Ainda segundo a psicóloga, as vítimas geralmente ficam com sequelas, seja fobia social sela pânico de locais lotados e com muitos homens. A assessora jurídica Anna Carolina Fiore, de 25 anos, adquiriu trauma de andar de transporte público. "Depois da faculdade, eu peguei o ônibus e estava sentada. O veículo estava lotado, e com direção pra rodoviária, quando um homem ficou esfregando a pélvis dele na minha cara. Eu fiquei sem reação, eu tentava só me desvencilhar, mas o cara continuava e eu desci na primeira parada que tinha por medo", disse a assessora.

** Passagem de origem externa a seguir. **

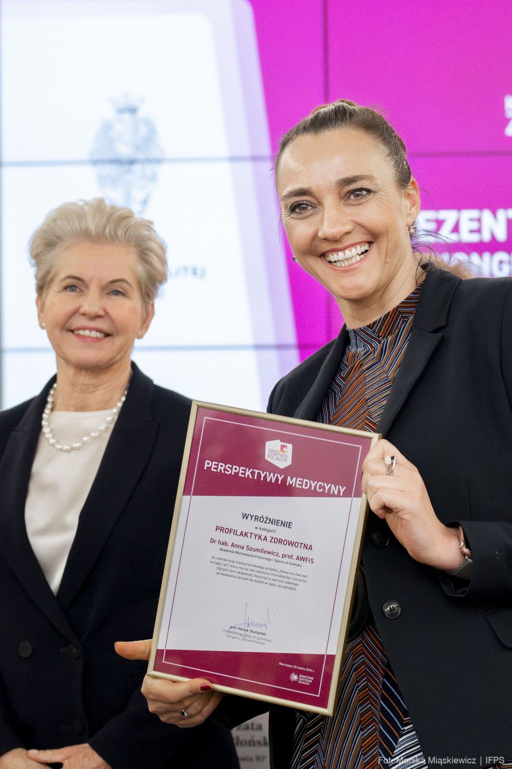 Dr hab. Anna Szumilewicz, prof. AWFiS została wyróżniona w konkursie „Perspektywy Medycyny” 2023 w kategorii „Profilaktyka zdrowotna”, organizowanym przez Radę Programową Kongresu „Zdrowie Polaków”. Uroczysta gala odbyła się 25 kwietnia w gmachu Senatu Rzeczypospolitej Polskiej w Warszawie. Nagrody i wyróżnienia wręczali p. Senator RP, dr n. med. Beata Małecka-Libera (przewodnicząca senackiej Komisji Zdrowia), prof. Henryk Skarżyński (przewodniczący Rady Programowej Kongresu) oraz prof. Piotr Wachowiak (rektor SGH).

Ana não denunciou e nunca mais conseguiu andar de ônibus com sensação de segurança. "Eu sinto pavor quando tenho que andar de transporte público", confessou, reforçando que muitas mulheres travam após o ocorrido e não conseguem reagir. Jhonda explica que isso ocorre porque elas entram automaticamente em estado de choque, sem conseguir acreditar que aquela situação esteja de fato acontecendo.
Uma vítima que preferiu deixar a identidade em anonimato contou que teve o corpo filmado por um homem. "Eu estava de costas e ele ficou filmando meu corpo sem a minha autorização. Por um reflexo meu, eu percebi que ele estava mexendo com a câmera do celular e, assim que ele viu que percebi, parou e fingiu que nada estava acontecendo e, na hora, eu fiquei tão chocada que não tive reação alguma, fiquei muito constrangida e com muito medo", desabafa.
A psicóloga fala que o que faz o abusador é a ocasião. "Ele vê uma mulher que atrai e se sente anônimo. Ele acha que ninguém vai ver ou perceber se ele tocar, esfregar. Não acha que vai ser descoberto e se aproveita de um ônibus lotado. E têm aqueles que fazem isso como hábito, têm o prazer em tocar sem que a vítima se defenda. Um fetiche de poder, o fato de estar em público coage, usa da vergonha que ela vai sentir para não fazer nada. Mas, também existem aqueles que dizem que a mulher queria ser tocada, por estar com determinada roupa, posição ou de alguma forma que, na cabeça dele, ela estava convidando", acrescentou Jhonda.